Valle radio ( VALLE RADIO | ENGLISH SPEAKING RADIO IN SPAIN ) is quite popular with the expats round here. Dunno what they charge but wouldn't hurt to have a chinwag with 'em eh.


Doggy


----------



## Guest (Aug 5, 2009)

owdoggy said:


> Valle radio ( VALLE RADIO | ENGLISH SPEAKING RADIO IN SPAIN ) is quite popular with the expats round here. Dunno what they charge but wouldn't hurt to have a chinwag with 'em eh.
> 
> 
> Doggy


Ta will give it a try. I want to get as many as I can in as many areas as possible as we will be launching a new range of products soon and want to get it out to as many people as possible.


----------



## jojo (Sep 20, 2007)

Now, hears an interesting thing, it appears (altho I'm not sure yet, gonna go back and look later) that I may have a wasps nest in the pump shed in my new house!! So I have phoned the agent and they've gotta "specialist" who'll come out and deal with it!! Also gotta leak in the skimmer pipes I think??? and that could be a big job involving digging up the pressed cement patio area!! Hhhhmmmm, am I seeing problems afoot?? 

Jo xxx


----------



## Guest (Aug 5, 2009)

jojo said:


> Now, hears an interesting thing, it appears (altho I'm not sure yet, gonna go back and look later) that I may have a wasps nest in the pump shed in my new house!! So I have phoned the agent and they've gotta "specialist" who'll come out and deal with it!! Also gotta leak in the skimmer pipes I think??? and that could be a big job involving digging up the pressed cement patio area!! Hhhhmmmm, am I seeing problems afoot??
> 
> Jo xxx


Wasp nest, not a big problem. The leak in the skimmer pipe, now that could be a pig. What makes you think the pipe from the skimmer is leaking? Its quite unusual unless there has been some movement.


----------



## Chica (Mar 23, 2009)

Coastline radio seems to be the most popular around here. It used to be Spectrum but their jingles became so annoying...the same ones over and over again


----------



## jojo (Sep 20, 2007)

Chica said:


> Coastline radio seems to be the most popular around here. It used to be Spectrum but their jingles became so annoying...the same ones over and over again


Something terrible has happened to Spectrum recently, Lisa (in the mornings) has gone and they have some guy who is in the UK doing a very bad "phone in" from 11am til 2pm, I dont listen to it at all anymore. I listen to "heart" or "central"????? Or "Europa FM" a spanish station


Jo xxx


----------



## Zimtony (Jun 28, 2008)

Chris, have a look at the following:
inlandmagazine.com (Alhaurin, Coin, Cartama and surrounds)
localconnections.biz (Antequera, ALora, Alhaurin etc etc)
theoriginaltradingpost.com (same as inland mag)
Key to the Costa (need to google. They cover Furengirola to Marbella and beyond)
Post it on the Coast (again need to google)

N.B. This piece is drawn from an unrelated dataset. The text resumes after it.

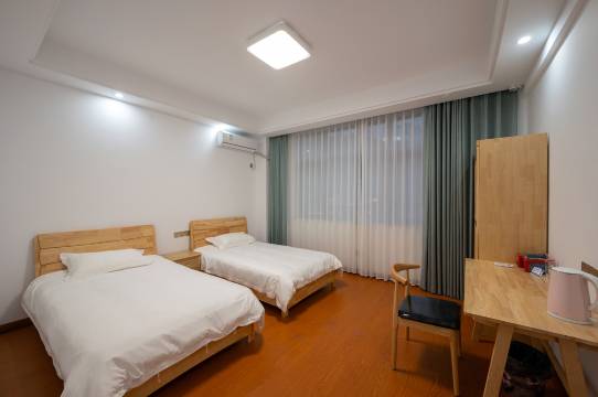 房间很大,很干净,价格划算,套房有两个房间,两张大床。很适合亲子或者朋友一起住,老板阿姨人很好,晚上找不到路,还特地出来接,第二天早上还做了早饭,还送我们去景点。
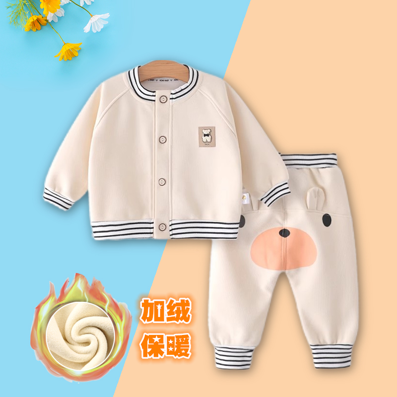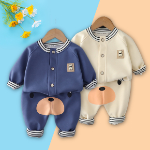 男女两件套婴幼儿童外出春秋冬加绒卡通休闲大屁屁裤 宝宝pp裤 套装

Not sure I would worry about radio or TV. Do some direct emails, set up a Facebook fan site, link up with a charity eg Cudeca, link up with related businesses eg plumbers, gardeners etc for joint referrals. Actually, thinking about it, if you would like more info, just PM me and I can send you some other stuff to your email address.

Good luck!!

Tony


----------



## Zimtony (Jun 28, 2008)

jojo said:


> Something terrible has happened to Spectrum recently, Lisa (in the mornings) has gone and they have some guy who is in the UK doing a very bad "phone in" from 11am til 2pm, I dont listen to it at all anymore. I listen to "heart" or "central"????? Or "Europa FM" a spanish station
> 
> 
> Jo xxx


Yep, what has happened to Lisa??? I also listen to HeartFM - a good bunch!


----------



## Guest (Aug 5, 2009)

jojo said:


> Something terrible has happened to Spectrum recently, Lisa (in the mornings) has gone and they have some guy who is in the UK doing a very bad "phone in" from 11am til 2pm, I dont listen to it at all anymore. I listen to "heart" or "central"????? Or "Europa FM" a spanish station
> 
> 
> Jo xxx


Spectrum has now linked up with a company called Torresat who provide english tv via small dishes. It has gone down hill and that may be the reason


----------